Top of SUPPLIED MATERIAL
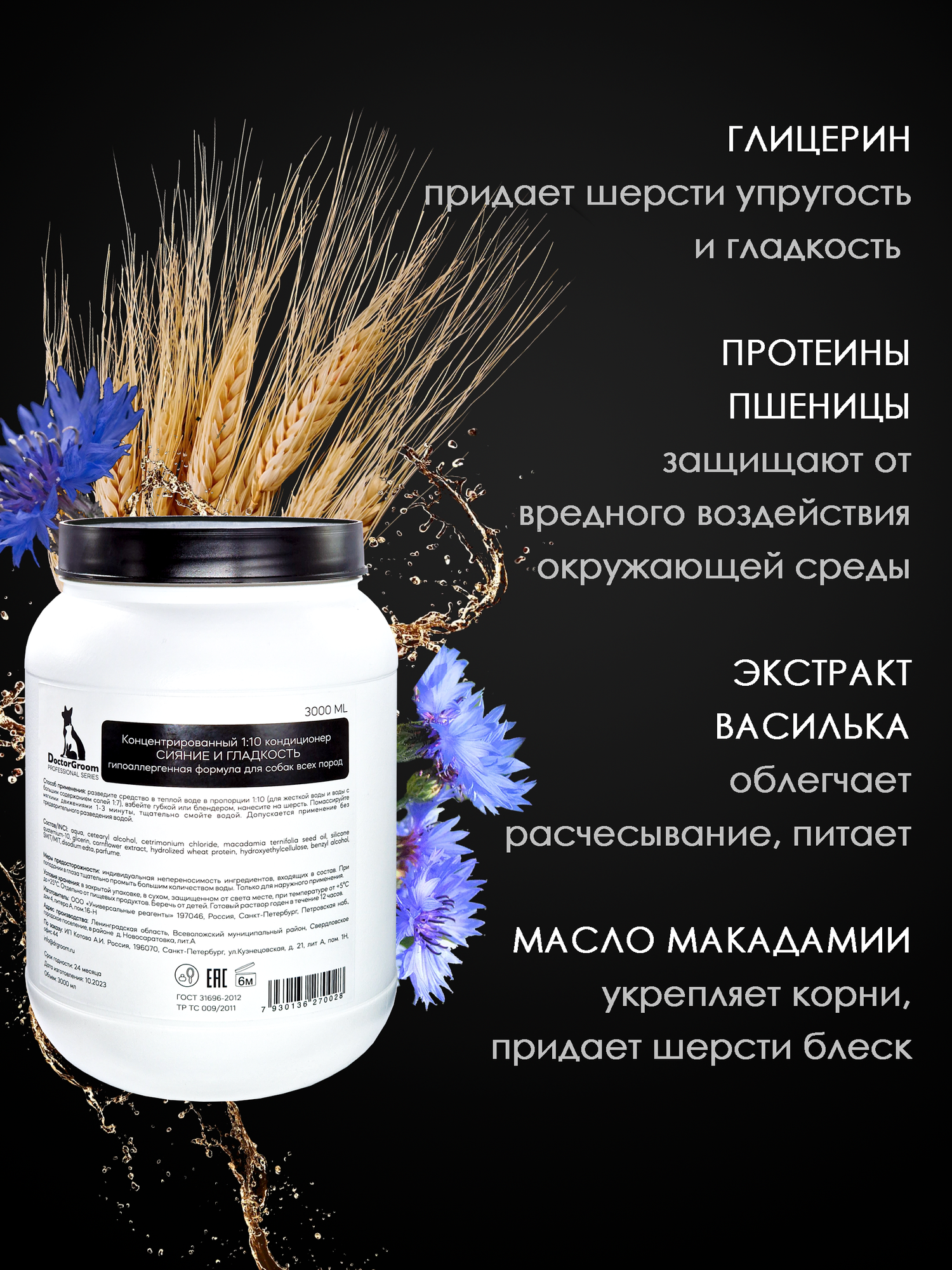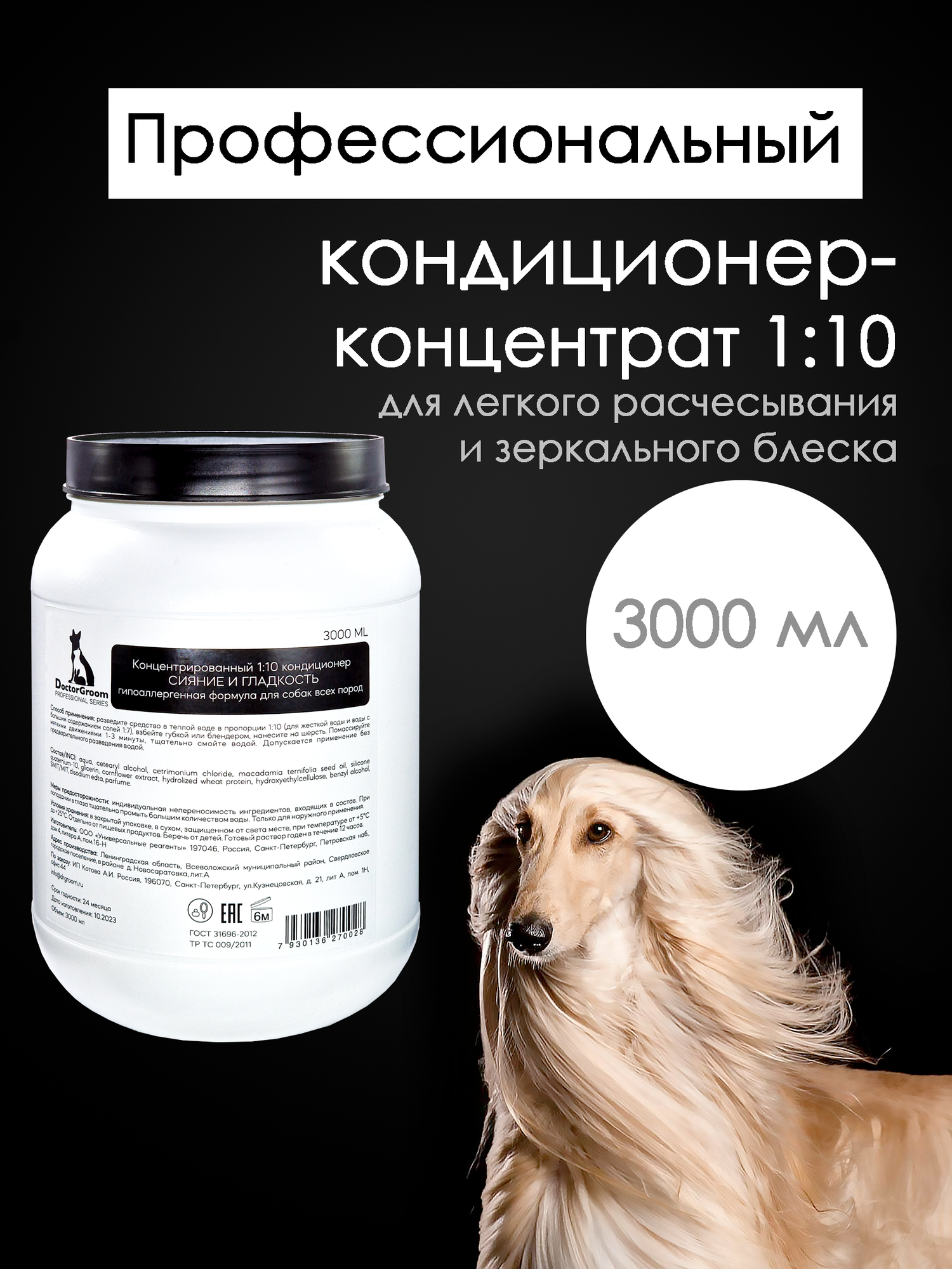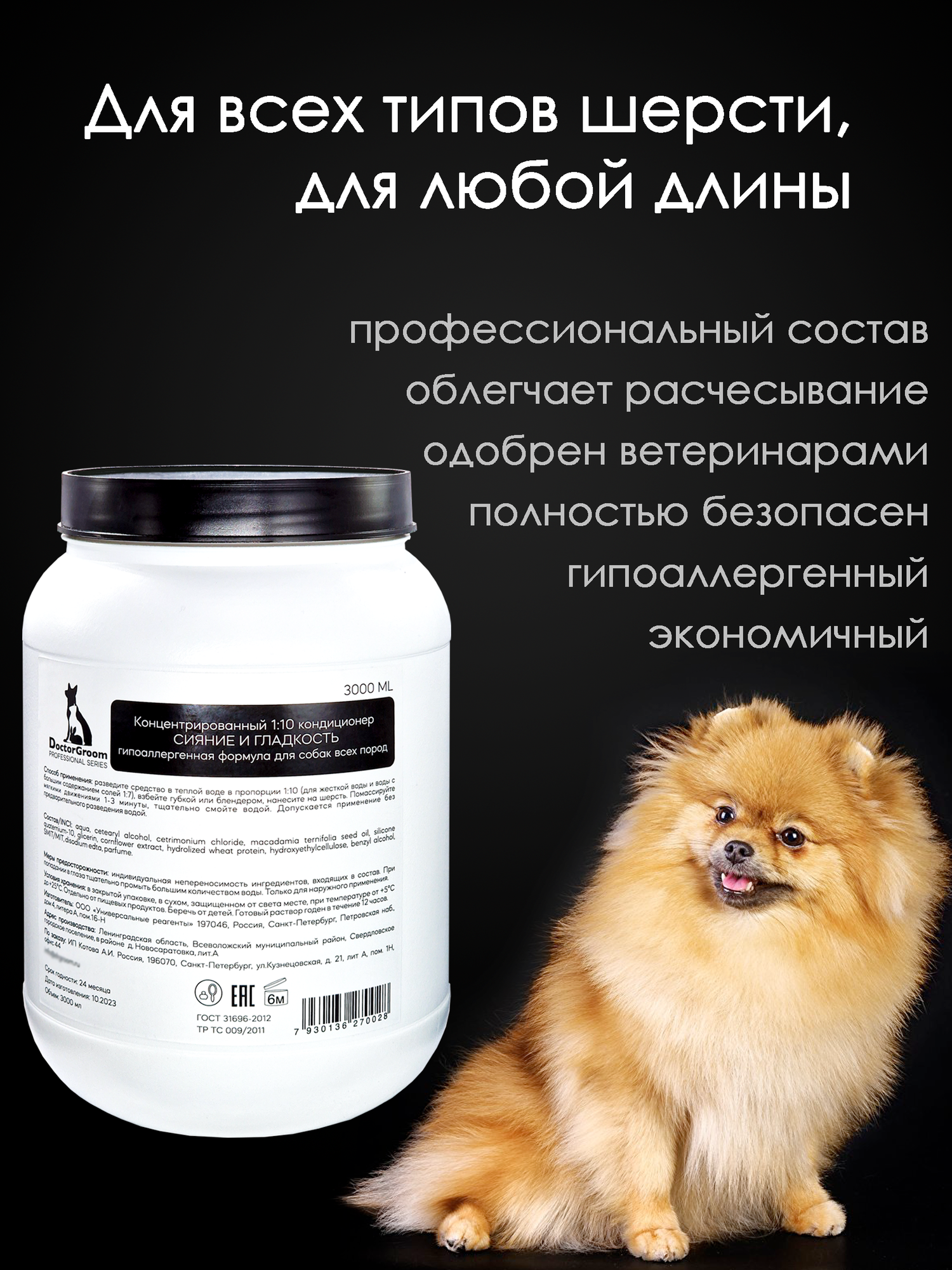 Концентрированный профессиональный кондиционер для шерсти собак всех пород Doctor Groom, бальзам для шерсти 3л информация:
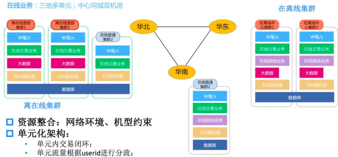 业务不断增长,在基础设施层储备了大量的资源以满足在线型和离线业务的需求。由于在线型业务和离线型业务有很多不一致的资源使用特性,最初设计时由两个独立的数据中心来支撑,当前,两个数据中心均已达到万台服务器以上的规模。
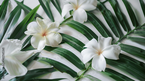 Obraz premium White flowers and green leaves arranged on a white surface creating a natural...
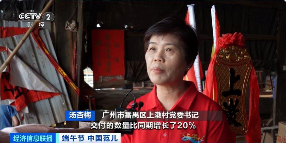 广州市番禺区上漖村党委书记 汤杏梅:上漖村8家龙船厂仅2025年已经下水45条新龙船,交付的数量比同期增长20%,几家大的船厂订单已经排到2027年。
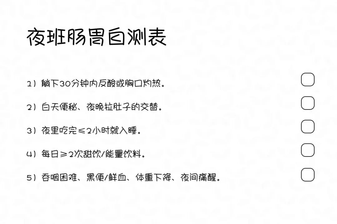 这里我们为大家准备了一份简单肠胃自测表,看看你的肠胃有没有在为你昼夜颠倒。
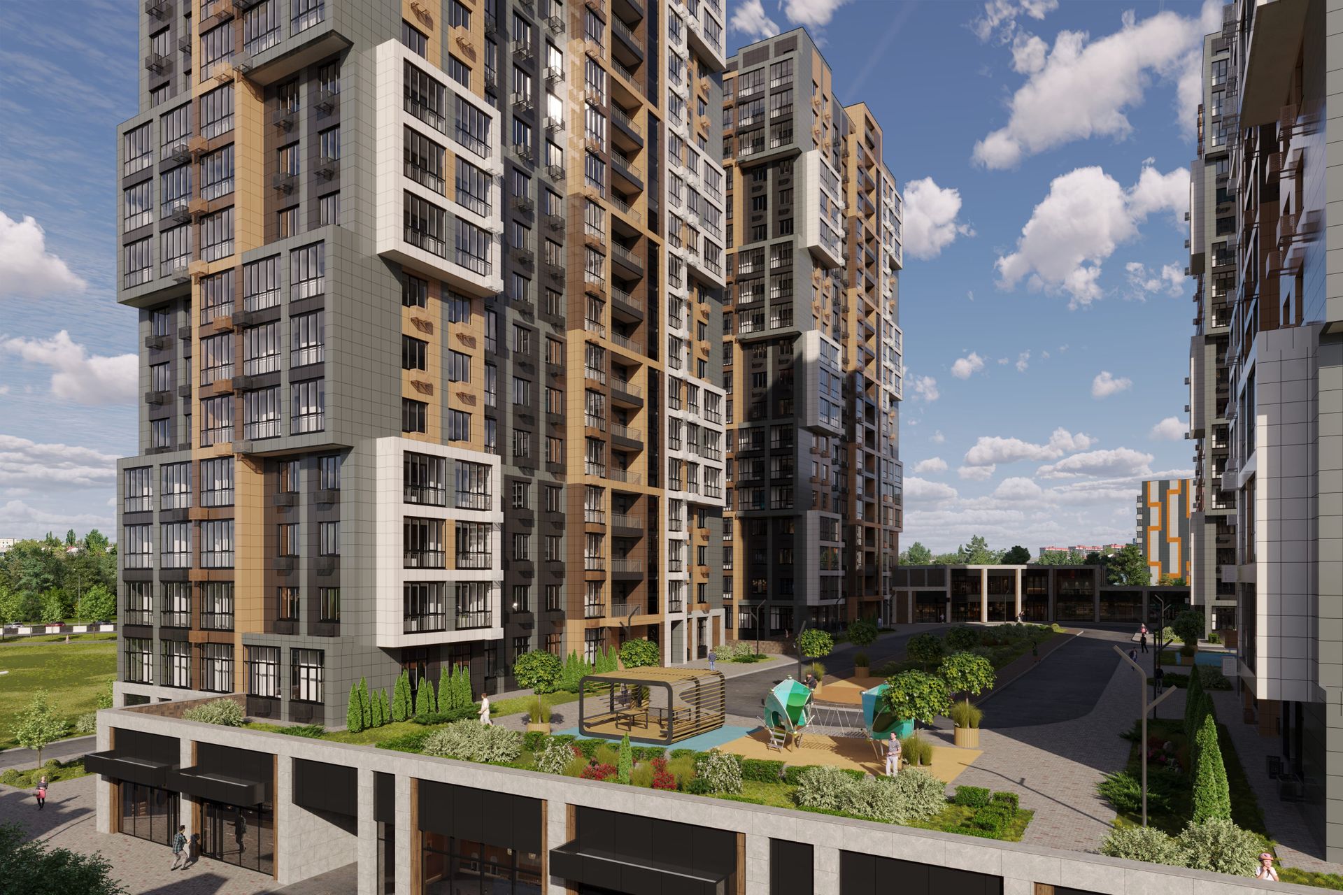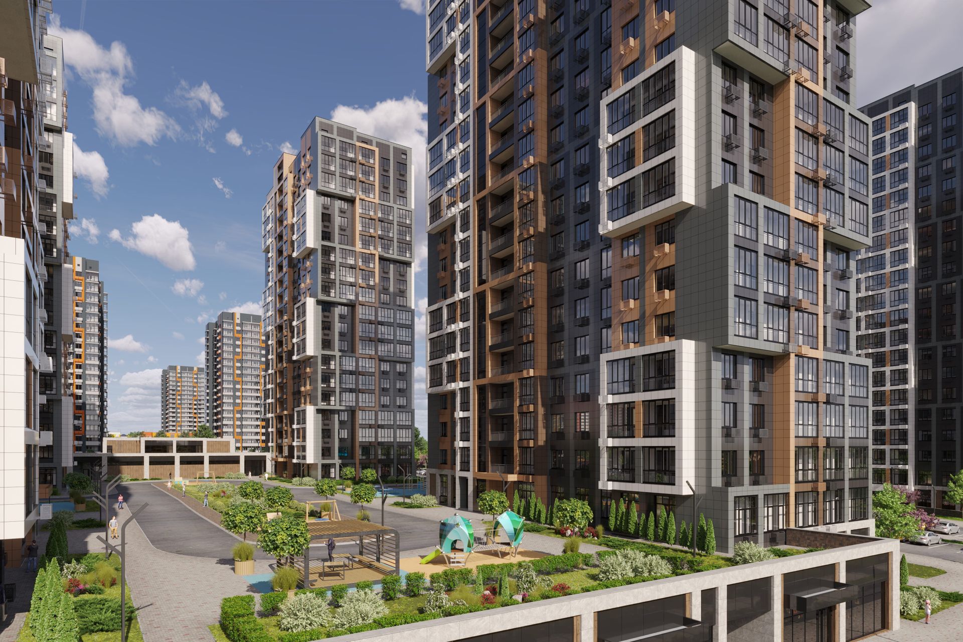 ЖК «Притяжение» - это полностью благоустроенная территория, где все пространство продумано до мелочей. Спроектировано комплексное озеленение, установлены малые архитектурные формы, облагорожены зоны отдыха для детей и взрослых. Зеленые газоны, деревья, кустарники и цветники будут создавать уютную атмосферу во дворе.
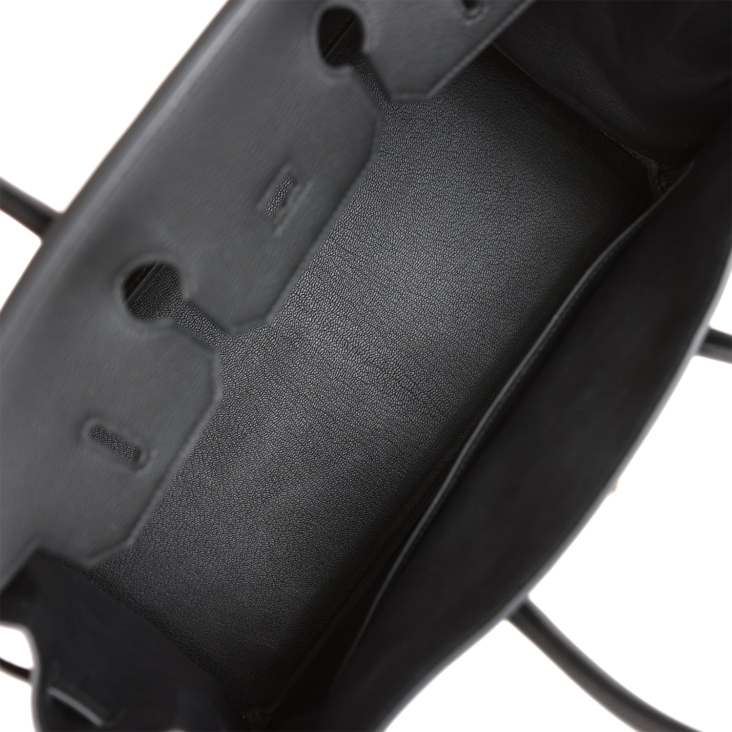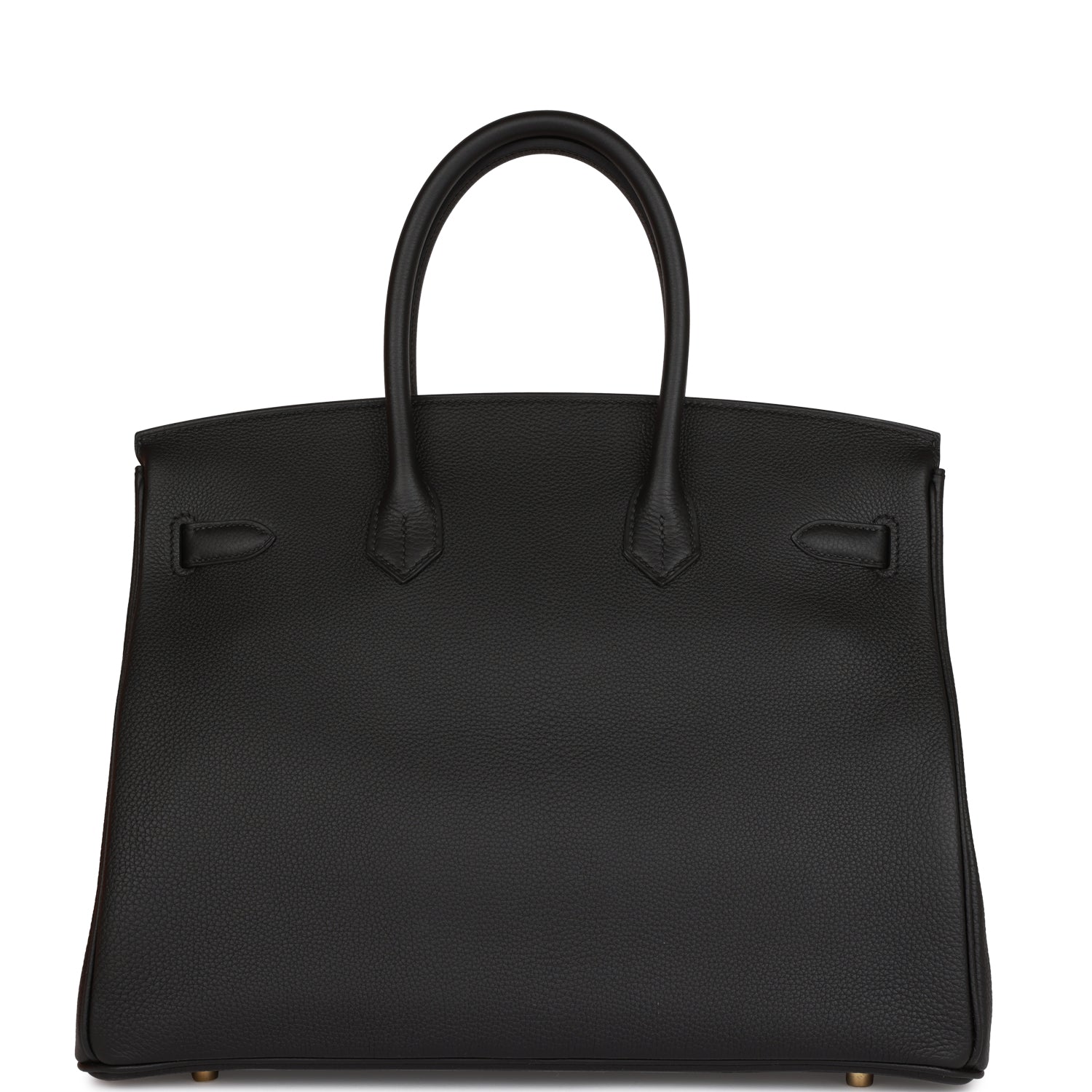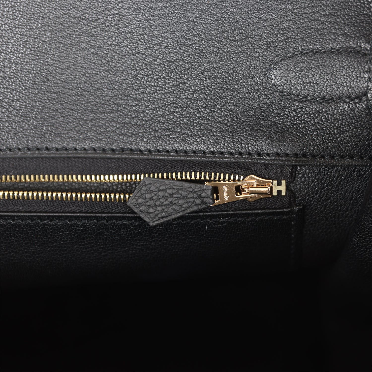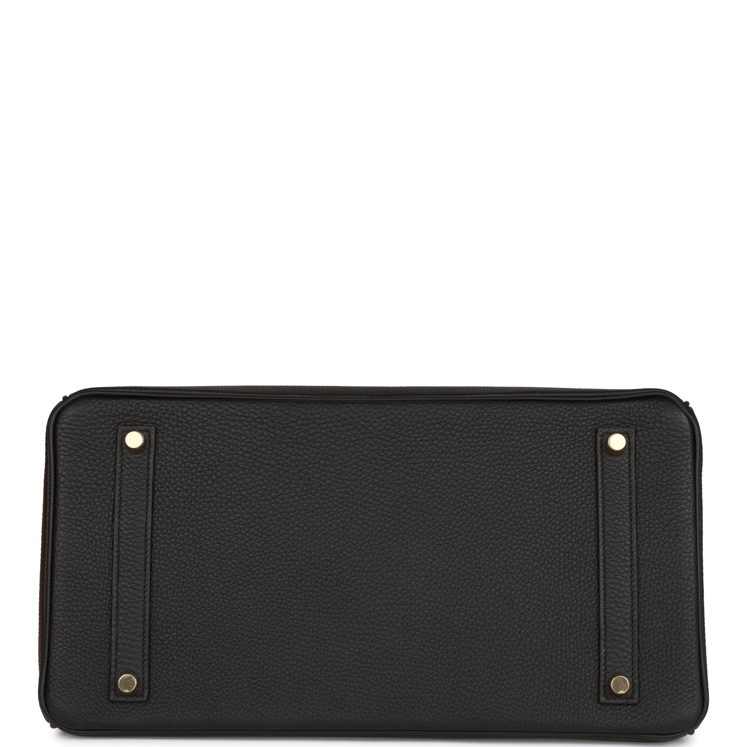 This Birkin is in Black togo leather with gold hardware and has tonal stitching, front flap, two straps with center toggle closure, clochette with lock and two keys, and double rolled handles.
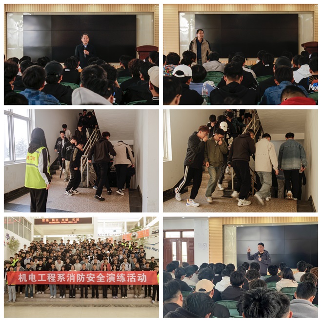 为强化师生消防安全意识,全面提升师生避险、自防自救、逃生能力,坚决防范和遏制火灾事故的发生,4月9日下午,机电工程系联合学校保卫处在山润楼319教室开展消防安全疏散逃生演练。本次活动邀请保卫处处长王传玉、副处长王宏安、辛在省老师指导,系团总支书记张西进、辅导员及2023级学生共计200余人参加演练。
Bottom of SUPPLIED MATERIAL
:: REQUIRED ACTION ::
Word for word, give again the lines from the line with "This Birkin is" through the end of the records above, with both ends included and the pictures left out.

:: RESULT BELOW ::
 This Birkin is in Black togo leather with gold hardware and has tonal stitching, front flap, two straps with center toggle closure, clochette with lock and two keys, and double rolled handles.
 为强化师生消防安全意识,全面提升师生避险、自防自救、逃生能力,坚决防范和遏制火灾事故的发生,4月9日下午,机电工程系联合学校保卫处在山润楼319教室开展消防安全疏散逃生演练。本次活动邀请保卫处处长王传玉、副处长王宏安、辛在省老师指导,系团总支书记张西进、辅导员及2023级学生共计200余人参加演练。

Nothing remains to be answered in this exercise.